Ragen vows to keep writing after she is convicted of stealing portions of an elderly hassid's story in novel against hareidi world.

Uzi Baruch, Sarah Leah Lawent and Tova Dvorin,

Naomi Ragen, 2004 (File)
Naomi Ragen, 2004 (File)
Flash90

The Jerusalem District Court has ordered author Naomi Ragen and Keter Publishing to pay author Sudy Rosengarten 73,000 shekels ($19,124) for copyright infringement, distortion, camouflage and literary copying of “substantial and significant” portions of Rosengarten’s story, “A Marriage Made in Heaven,” into Ragen’s novel The Sacrifice of Tamar.

Rosengarten, 82, a Bobov hassid, was shocked to find that Ragen had taken a story she had written about her son and had copied it and used it to attack the hareidi world.

The ruling stated “the chapter was planted in a book that is foreign to the views and spirit of Mrs. Rosengarten as a hareidi woman.”

This is not the first copyright infringement suit that has been filed against Ragen.

Plagiarism allegations first arose in 2007 when Sarah Shapiro, along with another American-Israeli writer Michal Tal, claimed that Ragen used material from Shapiro's first book Growing with My Children in her novel Sotah.

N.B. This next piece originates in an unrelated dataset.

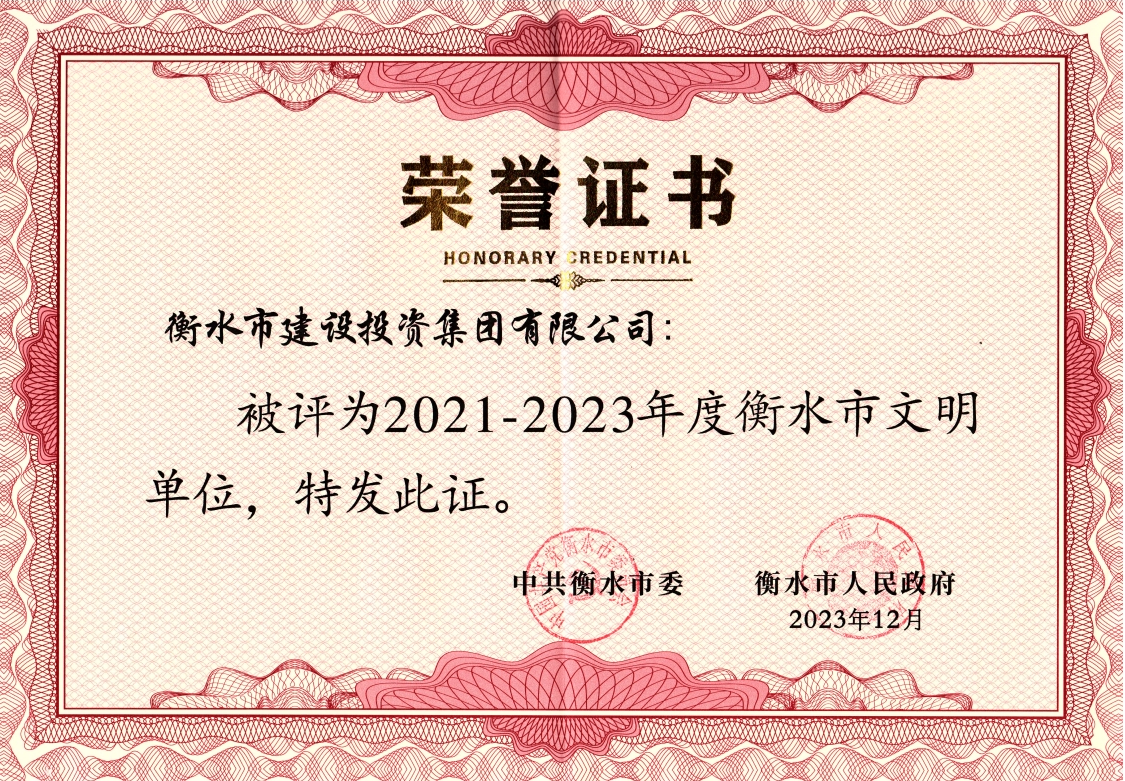 近日,集團被中共衡水市委、衡水市人民政府授予“2021-2023年度衡水市文明單位”榮譽稱號。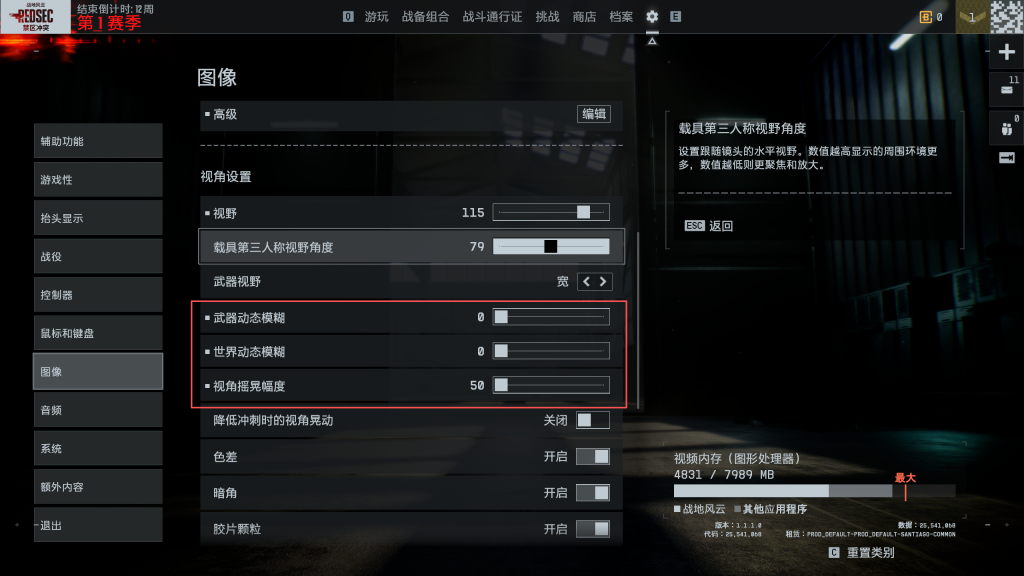晕3D的玩家动态模糊关闭,视角摇晃幅度拉低

Ragen previously vehemently denied the charges by Shapiro. She told the court that she only used Shapiro’s material as “raw material,” but a 2012 ruling stated that the author in effect intentionally copied parts of the book.

On March 27, 2012, Naomi Ragen and Sarah Shapiro reached a settlement. Ragen was ordered to pay Shapiro 233,000 shekels (over $62,500) for copyright infringement, an unprecedented amount in a plagiarism case in Israel. 

Ragen later appealed the decision in June, claiming that it set a precedent that would deny Israeli writers freedom of expression. The court also determined that some 97,000 shekels of the settlement money would go to Yad Sarah, a large Israeli charity which assists the elderly and disabled, and Yad Eliezer, Israeli's largest provider of food for the impoverished. 

Later, in November 2013, Ragen was ordered to delete 25 phrases from future editions of Sotah due to the charges.